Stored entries
■ ■ ■ ■ ■

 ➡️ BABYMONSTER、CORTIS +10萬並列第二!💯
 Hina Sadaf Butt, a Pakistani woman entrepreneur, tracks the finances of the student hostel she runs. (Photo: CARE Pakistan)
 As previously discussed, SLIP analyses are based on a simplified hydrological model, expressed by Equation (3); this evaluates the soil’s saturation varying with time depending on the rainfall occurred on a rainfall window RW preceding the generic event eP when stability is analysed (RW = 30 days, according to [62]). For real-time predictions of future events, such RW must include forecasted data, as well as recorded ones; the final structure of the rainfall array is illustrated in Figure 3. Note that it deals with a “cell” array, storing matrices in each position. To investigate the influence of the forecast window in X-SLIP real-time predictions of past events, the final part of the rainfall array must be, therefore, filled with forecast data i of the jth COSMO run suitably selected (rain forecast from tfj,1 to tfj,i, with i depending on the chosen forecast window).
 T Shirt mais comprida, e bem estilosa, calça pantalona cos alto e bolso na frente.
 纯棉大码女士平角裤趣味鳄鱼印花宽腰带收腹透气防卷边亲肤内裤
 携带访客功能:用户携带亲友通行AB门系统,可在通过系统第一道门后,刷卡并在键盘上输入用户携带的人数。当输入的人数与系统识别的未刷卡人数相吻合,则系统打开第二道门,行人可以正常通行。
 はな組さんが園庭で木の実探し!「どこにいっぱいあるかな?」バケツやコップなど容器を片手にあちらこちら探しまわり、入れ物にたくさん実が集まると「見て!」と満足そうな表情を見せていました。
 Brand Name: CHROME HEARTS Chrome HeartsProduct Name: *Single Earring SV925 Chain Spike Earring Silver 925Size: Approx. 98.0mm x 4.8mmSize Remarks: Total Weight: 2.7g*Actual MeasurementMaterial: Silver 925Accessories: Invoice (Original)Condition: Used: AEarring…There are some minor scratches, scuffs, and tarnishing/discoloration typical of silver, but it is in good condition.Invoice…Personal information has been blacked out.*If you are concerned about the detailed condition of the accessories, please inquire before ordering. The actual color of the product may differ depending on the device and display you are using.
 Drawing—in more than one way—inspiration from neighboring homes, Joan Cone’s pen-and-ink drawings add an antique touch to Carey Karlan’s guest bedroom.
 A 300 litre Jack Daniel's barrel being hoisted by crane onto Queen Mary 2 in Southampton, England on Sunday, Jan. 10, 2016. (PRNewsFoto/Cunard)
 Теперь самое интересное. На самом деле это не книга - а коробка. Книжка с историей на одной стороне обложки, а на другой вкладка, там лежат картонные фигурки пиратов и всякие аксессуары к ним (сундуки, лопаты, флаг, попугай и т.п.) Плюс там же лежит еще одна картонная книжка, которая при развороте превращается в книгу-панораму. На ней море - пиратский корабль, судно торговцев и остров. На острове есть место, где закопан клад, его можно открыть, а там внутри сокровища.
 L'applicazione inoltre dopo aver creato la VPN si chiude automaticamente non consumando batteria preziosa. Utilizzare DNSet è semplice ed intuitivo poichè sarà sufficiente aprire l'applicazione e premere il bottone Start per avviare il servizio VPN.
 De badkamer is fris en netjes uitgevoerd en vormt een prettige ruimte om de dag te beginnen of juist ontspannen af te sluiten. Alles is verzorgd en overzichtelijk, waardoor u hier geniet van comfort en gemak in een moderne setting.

■ ■ ■ ■ ■

■ The task: Only lines containing the string "depending" are needed. Pull each of them out of the records above.

■ Answer section:
 As previously discussed, SLIP analyses are based on a simplified hydrological model, expressed by Equation (3); this evaluates the soil’s saturation varying with time depending on the rainfall occurred on a rainfall window RW preceding the generic event eP when stability is analysed (RW = 30 days, according to [62]). For real-time predictions of future events, such RW must include forecasted data, as well as recorded ones; the final structure of the rainfall array is illustrated in Figure 3. Note that it deals with a “cell” array, storing matrices in each position. To investigate the influence of the forecast window in X-SLIP real-time predictions of past events, the final part of the rainfall array must be, therefore, filled with forecast data i of the jth COSMO run suitably selected (rain forecast from tfj,1 to tfj,i, with i depending on the chosen forecast window).
 Brand Name: CHROME HEARTS Chrome HeartsProduct Name: *Single Earring SV925 Chain Spike Earring Silver 925Size: Approx. 98.0mm x 4.8mmSize Remarks: Total Weight: 2.7g*Actual MeasurementMaterial: Silver 925Accessories: Invoice (Original)Condition: Used: AEarring…There are some minor scratches, scuffs, and tarnishing/discoloration typical of silver, but it is in good condition.Invoice…Personal information has been blacked out.*If you are concerned about the detailed condition of the accessories, please inquire before ordering. The actual color of the product may differ depending on the device and display you are using.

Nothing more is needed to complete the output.